On the occasion of SIAM Review’s 60th volume, the author of the journal’s most popular article offers insight as to why the paper continues to spark so much interest.

Many systems of scientific significance can be represented as graphs or networks — sets of nodes or vertices joined in pairs by edges. Examples include the internet; the World Wide Web; social, professional, and personal networks; road, rail, and airline routes; metabolic networks; food webs; and the power grid. In each of these cases, the network’s structure can substantially impact system behavior. For instance, the flow of data traffic online depends strongly on the internet’s network topology. How long will it take for data to travel from one part of the network to another? Are there bottlenecks or weak points in the structure? Would certain changes improve the system’s performance or stability? The answers to these questions depend on the specific shape that the network takes.
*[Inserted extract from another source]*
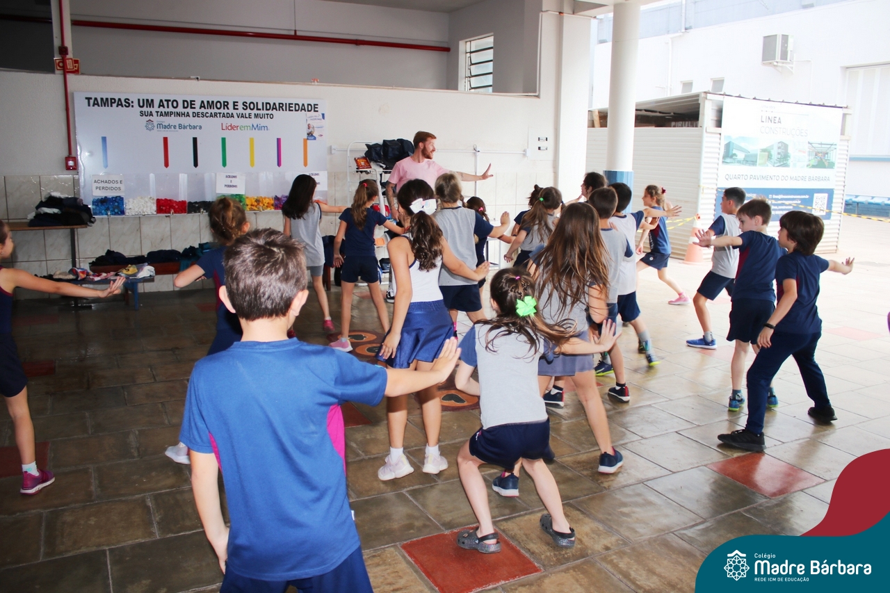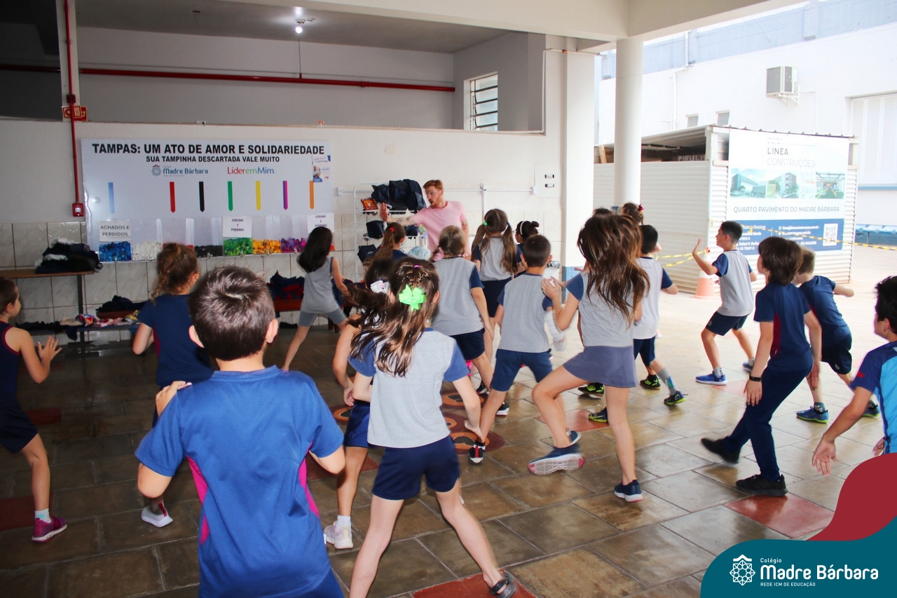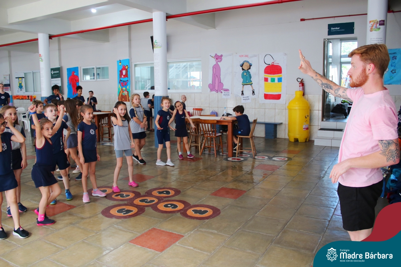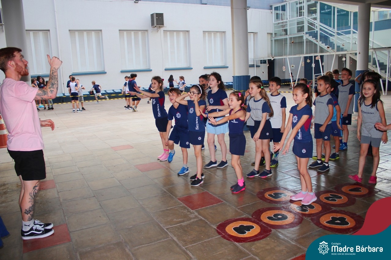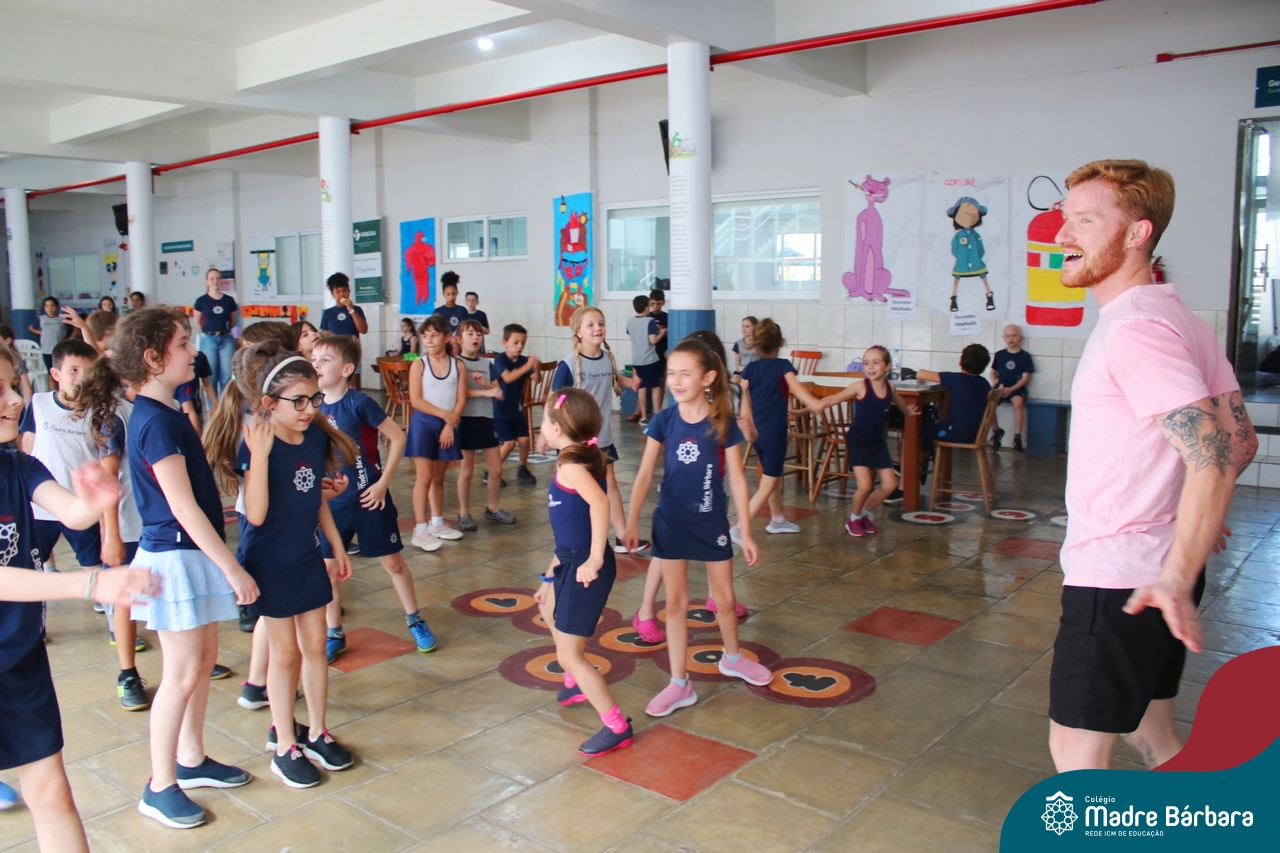 Ainda celebrando o Mês das Crianças do Ensino Fundamental – Anos Iniciais, o turno da tarde recebeu nesta segunda-feira (21.10) o professor de dança da Escola de Dança Empire, Alexandre Bitdinger, que realizou uma Oficina de Dança Kids no recreio, onde puderam dançar e aprender uns passos. As crianças adoraram!

Mathematicians have long studied graphs and networks in the context of graph theory, a branch of discrete mathematics that has yielded many beautiful formal results about network structure. Recent research, however, differs from traditional graph theory in its focus on the structure and properties of empirical networks as they appear in the real world. As a new area of applied research—sometimes dubbed “complex networks” or “network science”—this field has been driven in part by the increasing ubiquity of detailed data sets describing network structures across a range of different areas of science and technology, as well as the widespread availability of inexpensive and powerful computers with which to analyze them. It focuses on the development of novel mathematical theory and methods to analyze, quantify, and understand real-world networks.

A scientific collaboration network. The nodes represent scientists and the links represent collaborations among them. Image credit: Mark Newman.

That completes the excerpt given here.